** Opening Task inputs block **

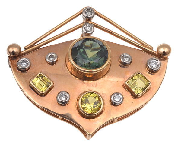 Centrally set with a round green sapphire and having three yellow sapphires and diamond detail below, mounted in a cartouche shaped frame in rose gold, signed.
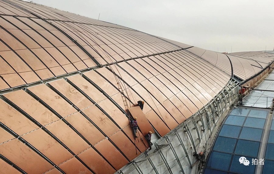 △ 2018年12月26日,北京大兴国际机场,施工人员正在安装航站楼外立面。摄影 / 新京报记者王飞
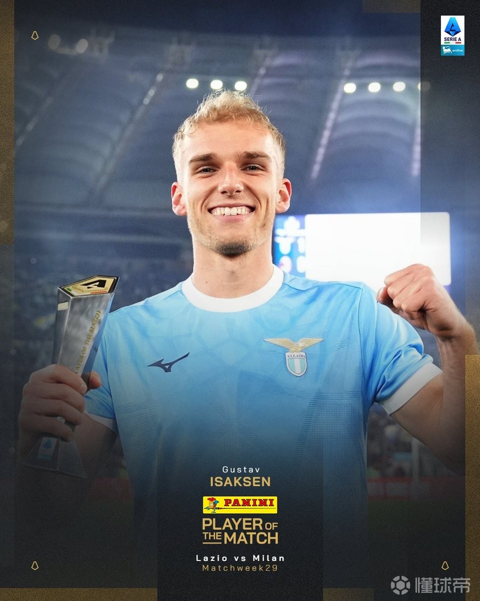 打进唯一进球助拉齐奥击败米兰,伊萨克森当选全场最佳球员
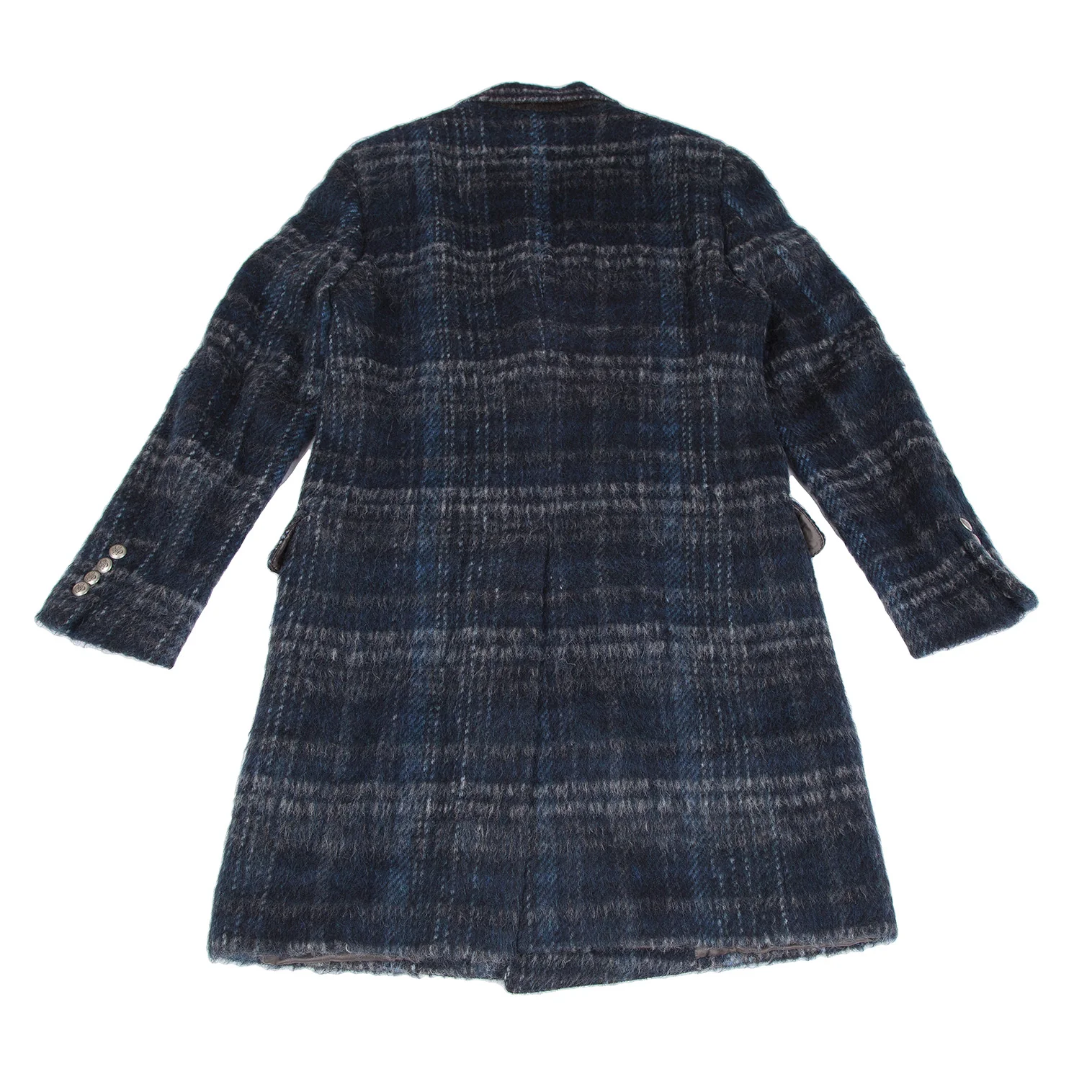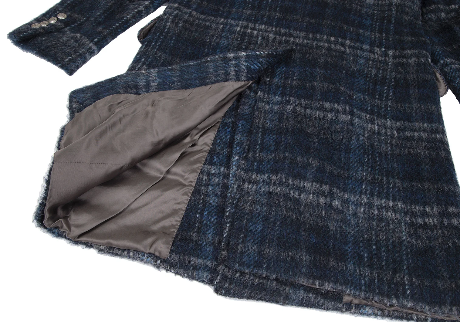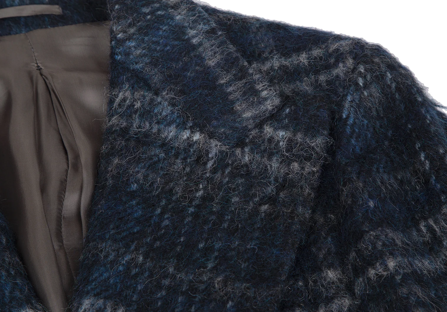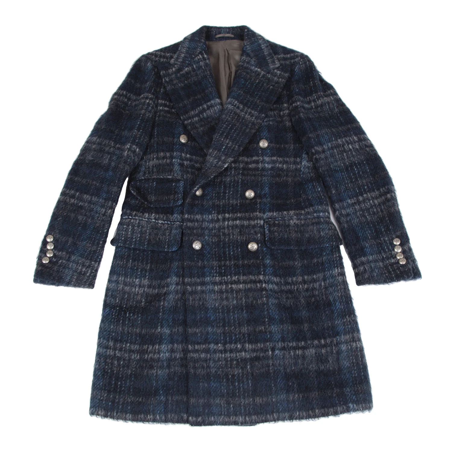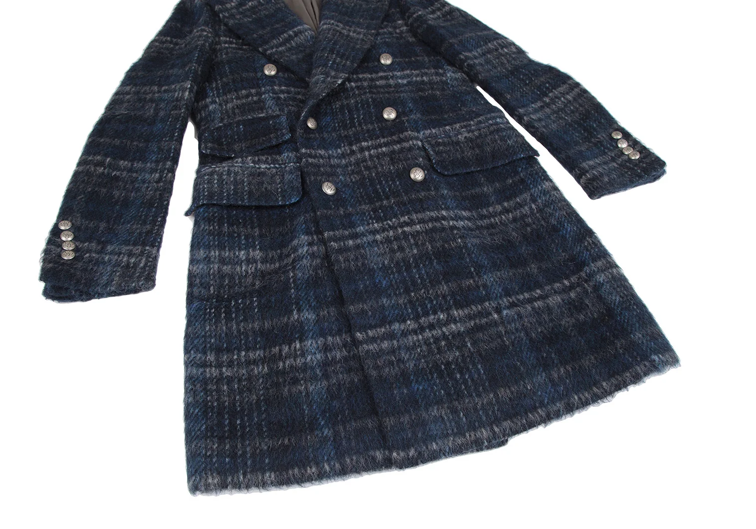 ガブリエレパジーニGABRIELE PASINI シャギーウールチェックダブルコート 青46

** Closing Task inputs block **
** Opening Task inputs block **

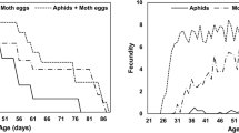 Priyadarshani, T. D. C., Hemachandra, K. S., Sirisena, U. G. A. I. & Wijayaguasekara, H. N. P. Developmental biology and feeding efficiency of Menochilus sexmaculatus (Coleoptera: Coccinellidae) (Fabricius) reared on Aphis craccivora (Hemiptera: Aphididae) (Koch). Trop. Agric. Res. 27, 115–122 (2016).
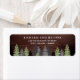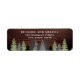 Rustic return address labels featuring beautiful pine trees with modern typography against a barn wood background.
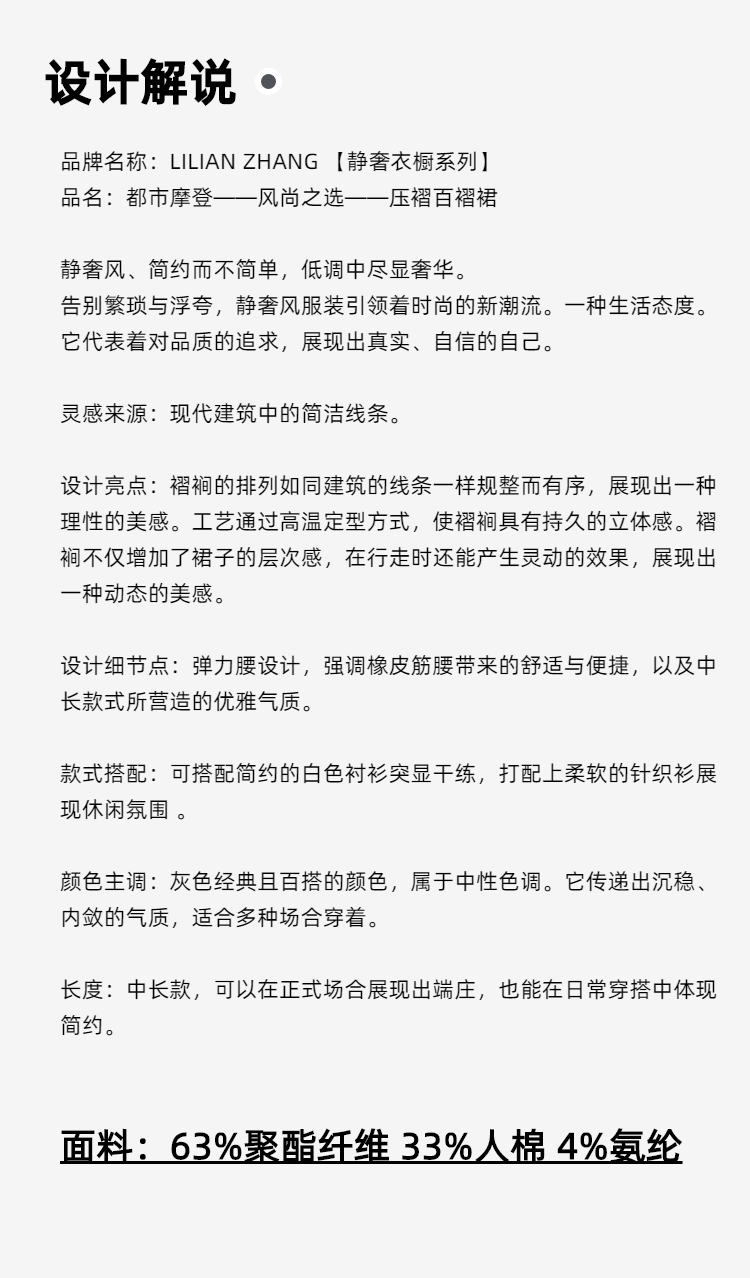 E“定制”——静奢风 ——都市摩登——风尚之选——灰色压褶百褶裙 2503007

** Closing Task inputs block **
** Opening Task inputs block **

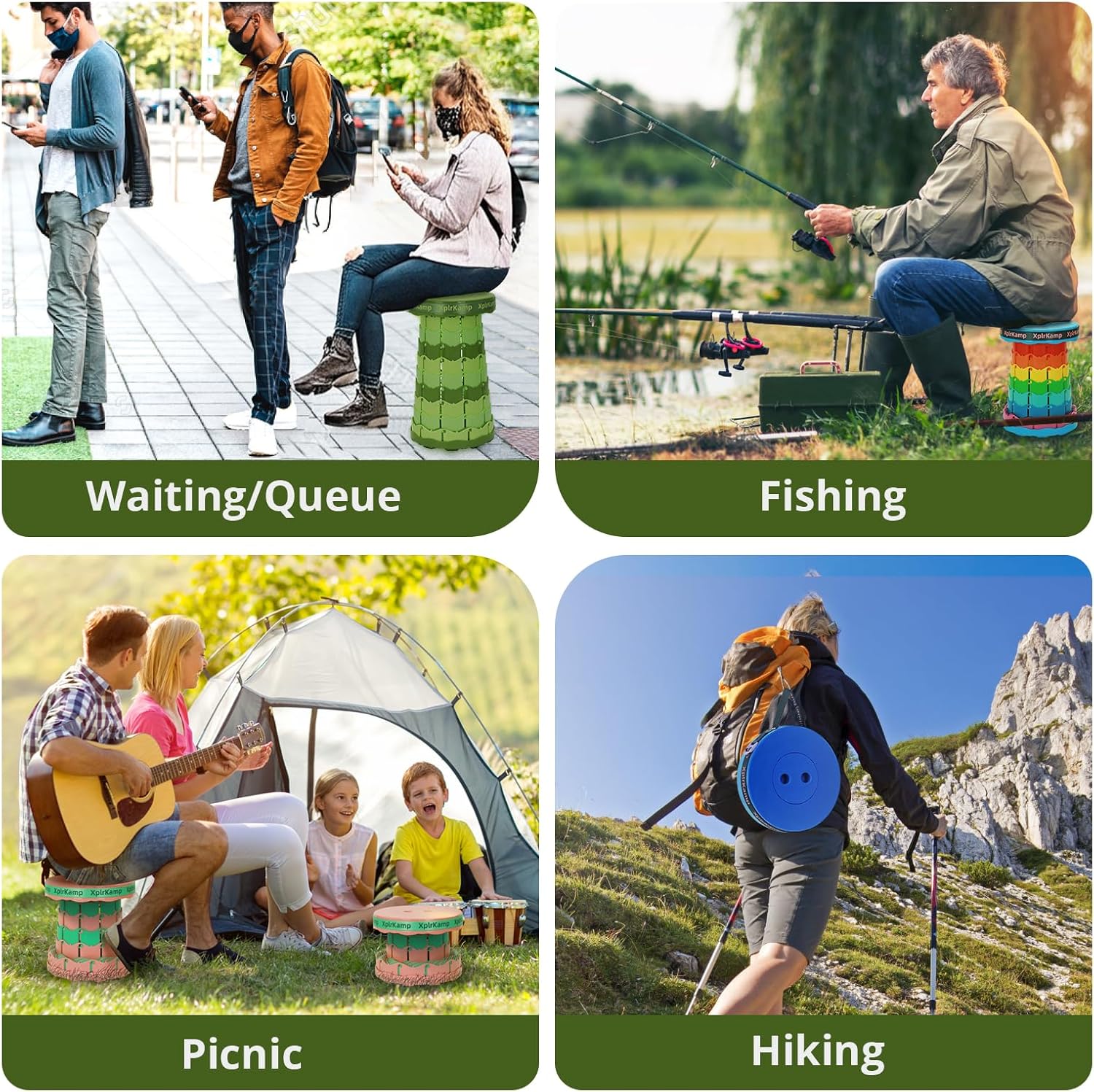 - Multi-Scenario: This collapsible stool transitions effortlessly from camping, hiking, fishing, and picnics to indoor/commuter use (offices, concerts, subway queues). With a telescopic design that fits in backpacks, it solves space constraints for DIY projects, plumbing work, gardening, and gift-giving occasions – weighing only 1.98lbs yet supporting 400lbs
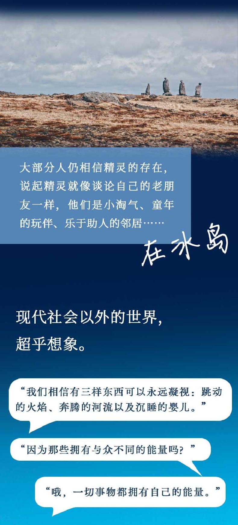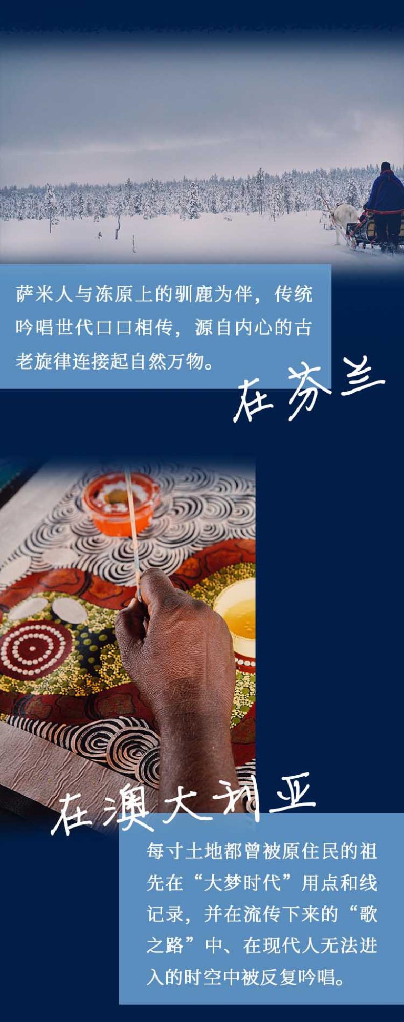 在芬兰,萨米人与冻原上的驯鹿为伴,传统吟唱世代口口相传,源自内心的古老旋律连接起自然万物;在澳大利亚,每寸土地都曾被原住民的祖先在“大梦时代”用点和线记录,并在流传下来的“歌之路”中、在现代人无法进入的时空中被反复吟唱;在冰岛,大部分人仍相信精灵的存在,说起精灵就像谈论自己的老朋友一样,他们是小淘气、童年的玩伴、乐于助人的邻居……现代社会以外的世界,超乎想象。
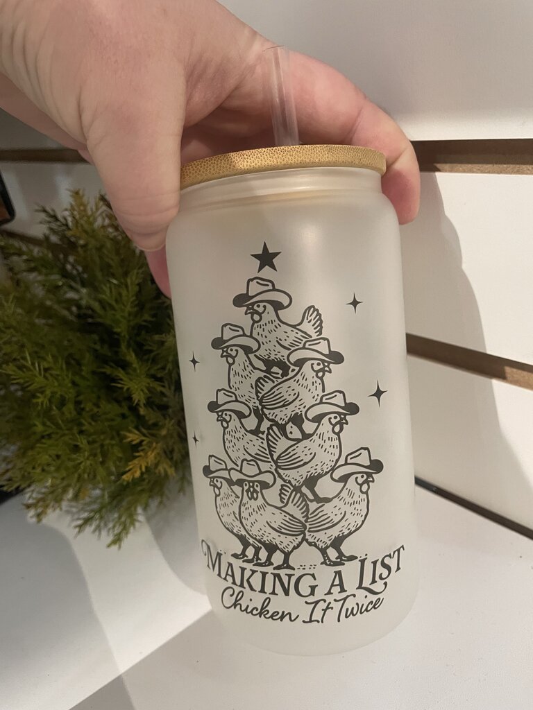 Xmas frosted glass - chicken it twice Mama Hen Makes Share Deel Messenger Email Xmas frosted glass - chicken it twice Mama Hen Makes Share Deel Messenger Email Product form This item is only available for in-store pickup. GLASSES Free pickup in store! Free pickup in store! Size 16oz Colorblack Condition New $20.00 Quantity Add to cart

** Closing Task inputs block **

From the material above, give again exactly the lines from the one that contains "Centrally set with" through the one that contains "打进唯一进球助拉齐奥击败米兰,伊萨克森当选全场最佳球员", and leave out the pictures.

 Centrally set with a round green sapphire and having three yellow sapphires and diamond detail below, mounted in a cartouche shaped frame in rose gold, signed.
 △ 2018年12月26日,北京大兴国际机场,施工人员正在安装航站楼外立面。摄影 / 新京报记者王飞
 打进唯一进球助拉齐奥击败米兰,伊萨克森当选全场最佳球员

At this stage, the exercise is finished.